= Available records =
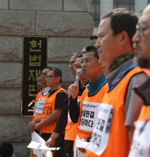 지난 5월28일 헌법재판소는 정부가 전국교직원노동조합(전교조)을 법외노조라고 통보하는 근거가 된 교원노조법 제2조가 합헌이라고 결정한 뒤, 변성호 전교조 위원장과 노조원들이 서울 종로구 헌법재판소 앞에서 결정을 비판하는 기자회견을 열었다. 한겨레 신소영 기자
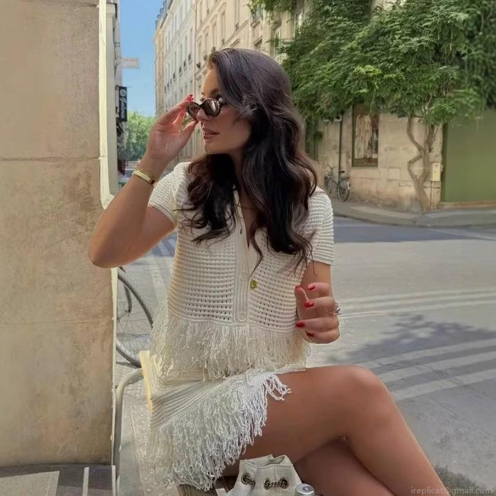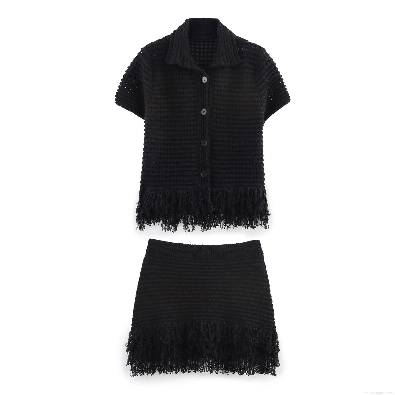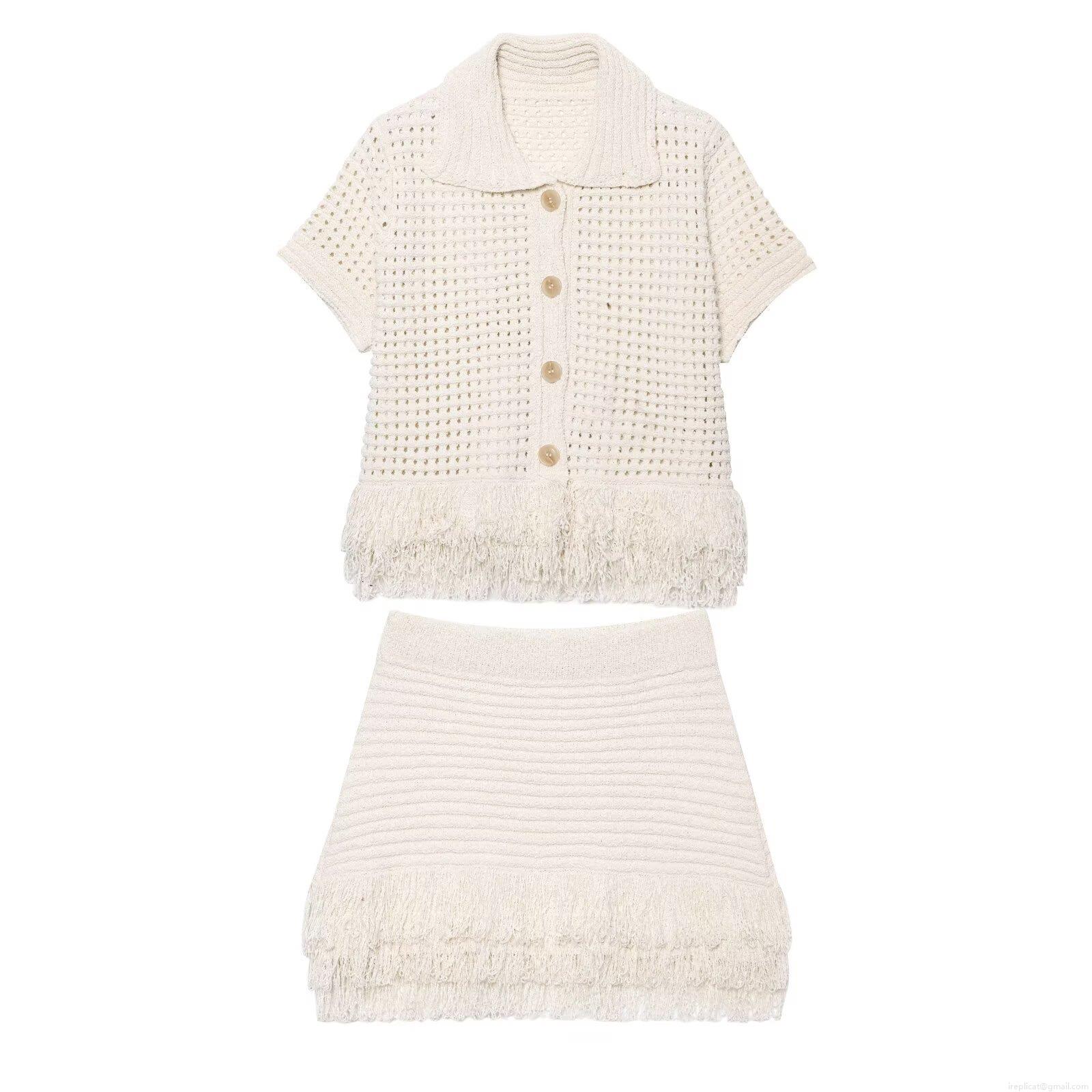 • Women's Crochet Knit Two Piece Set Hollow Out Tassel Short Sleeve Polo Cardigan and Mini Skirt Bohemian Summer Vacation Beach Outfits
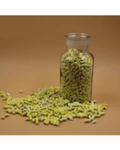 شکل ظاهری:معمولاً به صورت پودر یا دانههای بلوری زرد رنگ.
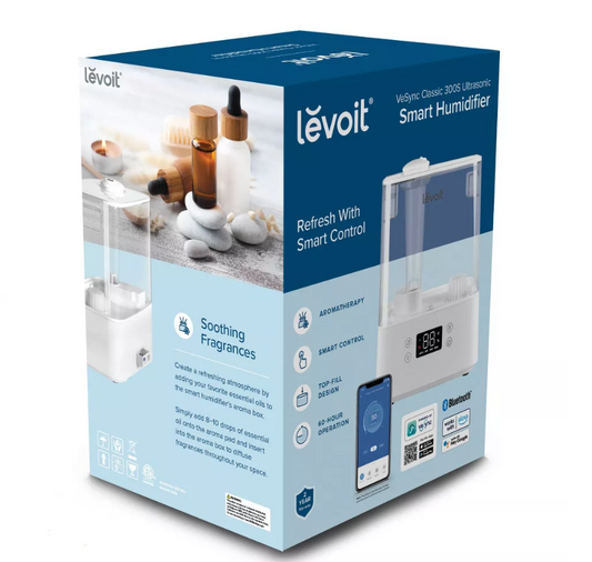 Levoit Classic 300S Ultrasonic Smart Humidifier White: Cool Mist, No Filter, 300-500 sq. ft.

--

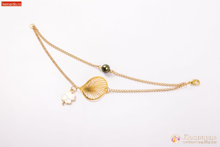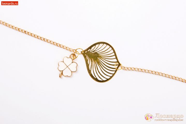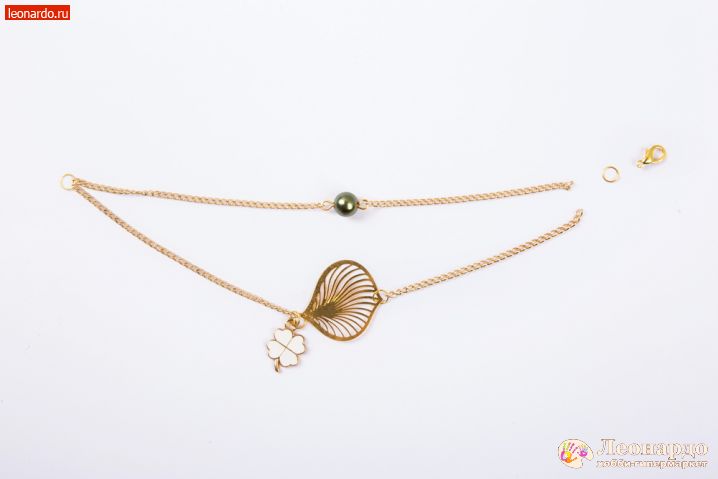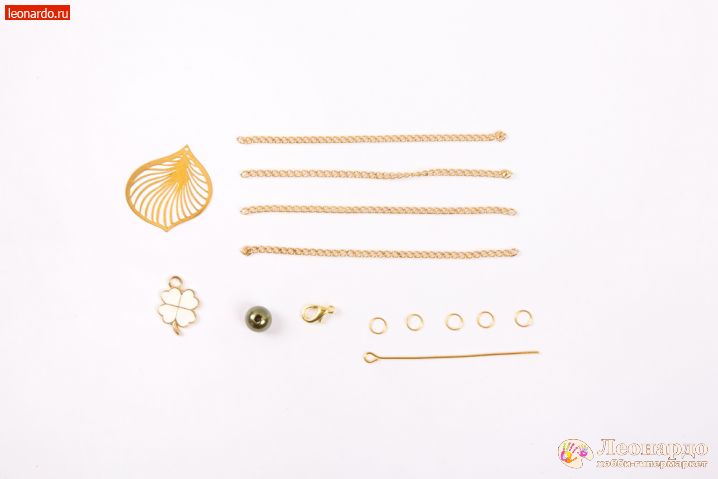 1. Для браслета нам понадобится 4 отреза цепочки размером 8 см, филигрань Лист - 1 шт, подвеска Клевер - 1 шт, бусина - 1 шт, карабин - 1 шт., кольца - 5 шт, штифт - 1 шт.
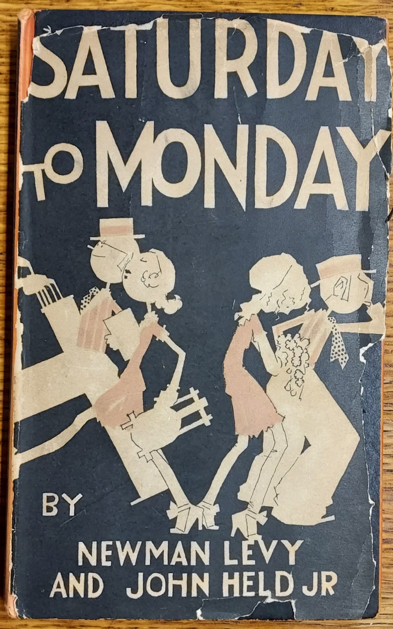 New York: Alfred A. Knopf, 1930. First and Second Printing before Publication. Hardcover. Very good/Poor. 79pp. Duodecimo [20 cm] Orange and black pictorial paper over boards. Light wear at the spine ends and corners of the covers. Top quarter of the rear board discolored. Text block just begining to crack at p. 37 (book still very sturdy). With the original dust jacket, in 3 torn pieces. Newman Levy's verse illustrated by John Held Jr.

= Your task =
Everything between and including the line above containing "지난 5월28일 헌법재판소는" and the line containing "Levoit Classic 300S" should be reproduced exactly, with pictures excluded.

= Task response =
 지난 5월28일 헌법재판소는 정부가 전국교직원노동조합(전교조)을 법외노조라고 통보하는 근거가 된 교원노조법 제2조가 합헌이라고 결정한 뒤, 변성호 전교조 위원장과 노조원들이 서울 종로구 헌법재판소 앞에서 결정을 비판하는 기자회견을 열었다. 한겨레 신소영 기자
 • Women's Crochet Knit Two Piece Set Hollow Out Tassel Short Sleeve Polo Cardigan and Mini Skirt Bohemian Summer Vacation Beach Outfits
 شکل ظاهری:معمولاً به صورت پودر یا دانههای بلوری زرد رنگ.
 Levoit Classic 300S Ultrasonic Smart Humidifier White: Cool Mist, No Filter, 300-500 sq. ft.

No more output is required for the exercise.